From 51c4f9ee9f4f2e3e68f4f379bb1bc91959815555 Mon Sep 17 00:00:00 2001
From: Georgi Gerganov <ggerganov@gmail.com>
Date: Sat, 28 Oct 2023 22:50:08 +0300
Subject: [PATCH] llama : comments

---
 llama.cpp | 7 ++++---
 1 file changed, 4 insertions(+), 3 deletions(-)

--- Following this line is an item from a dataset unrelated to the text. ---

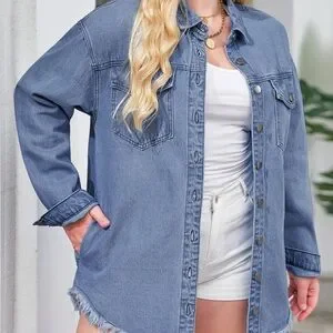 Stylish denim button-up shirt featuring a frayed hem. Perfect for casual wear.

diff --git a/llama.cpp b/llama.cpp
index cc7eb0a5a..b3d84c57d 100644
--- a/llama.cpp
+++ b/llama.cpp
@@ -5452,15 +5452,12 @@ static struct ggml_cgraph * llama_build_graph(
     } while (0);
 
     // offload layers
-
     {
         const int n_layer = model.hparams.n_layer;
 
         const int n_gpu_layers = model.n_gpu_layers;
         const int i_gpu_start  = n_layer - n_gpu_layers;
 
-        GGML_UNUSED(i_gpu_start);
-
         // offload functions set the tensor output backend to GPU
         // tensors are GPU-accelerated if any input or the output has been offloaded
         offload_func_t offload_func_nr = ggml_offload_nop; // nr = non-repeating
@@ -5588,13 +5585,16 @@ static struct ggml_cgraph * llama_build_graph(
             const std::string name = cur->name;
 
             if (k_offload_func.find(name) == k_offload_func.end()) {
+                // if a tensor that is not view hasn't been offloaded, we warn the user
                 if (worst_case && cur->view_src == nullptr) {
                     LLAMA_LOG_WARN("%s: node %4d %32s: not offloaded (ref: %s)\n", __func__,
                             i, name.c_str(), "https://github.com/ggerganov/llama.cpp/pull/3837");
                 }
+
                 continue;
             }
 
+            // count the number of layers and respect the provided n_gpu_layers
             offload_func_t f = k_offload_func.at(name);
             if (f == offload_func) {
                 if (ofn[name]++ < i_gpu_start) {
@@ -5602,6 +5602,7 @@ static struct ggml_cgraph * llama_build_graph(
                 }
             }
 
+            // apply offload function to the tensor
             f(cur);
 
             if (worst_case && cur->view_src == nullptr) {